Boggy Creek (also known as Boggy Creek: The Legend Is True) is a 2011 American low-budget horror film directed by Brian T. Jaynes, written by Jennifer Minar-Jaynes, and starring Texas Battle, Stephanie Honoré, Damon Lipari, Shavon Kirksey, and Melissa Carnell as college students attacked by legendary creatures that resemble Bigfoot. Despite its name, it is unrelated to The Legend of Boggy Creek or its two sequels, although the director was inspired by it.

== Plot ==

Jennifer takes several of her friends to a remote cabin in Texas, where her father died of a supposed car accident. There, locals warn them of hostile creatures that, according to legend, murder the men and abduct the women.
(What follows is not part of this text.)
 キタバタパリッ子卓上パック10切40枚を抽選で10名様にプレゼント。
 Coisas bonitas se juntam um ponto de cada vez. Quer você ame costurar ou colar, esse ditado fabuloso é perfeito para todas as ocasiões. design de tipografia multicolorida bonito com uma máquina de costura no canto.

The creatures, which resemble the legendary Bigfoot, eventually show up and attack Jennifer and her friends.

== Production ==
Shooting took place in Jefferson and Uncertain, Texas. The film was part of a dispute over funding between the director and an early investor. The matter was eventually taken to court.

== Release ==
Boggy Creek premiered at the sixth Texas Frightmare Weekend in April 2011. It was released on DVD and Blu-ray on September 13, 2011.

== Reception ==

Scott Foy of Dread Central rated it 1/5 stars, and wrote, "Boggy Creek doesn't work as drama, doesn't deliver as horror, and is no fun at all to watch", and while he in part praised the practical effects on the suits, was disappointed by the lack of action and actual usage of the Sasquatch itself, instead focusing on ineffective and dull character development. Paul Doro of Shock Till You Drop was also taken aback by the film's focus on melodrama as opposed to the monster and exploitation film it was billed as, calling it "low-rent amateur hour all around", as well as "a tedious bore and no fun whatsoever". Michael Allen of 28 Days Later Analysis praised the film's cinematography and filming locations, as well as appreciating the "lighter" scores in the soundtrack, with his largest complaint in regards to the movie being the writing which chose not to show impactful or gory scenes and was "uninspiring and lacking true horror elements".

=== Novelization ===
A novelization of the film entitled: Boggy Creek: The Legend is True was released in 2012.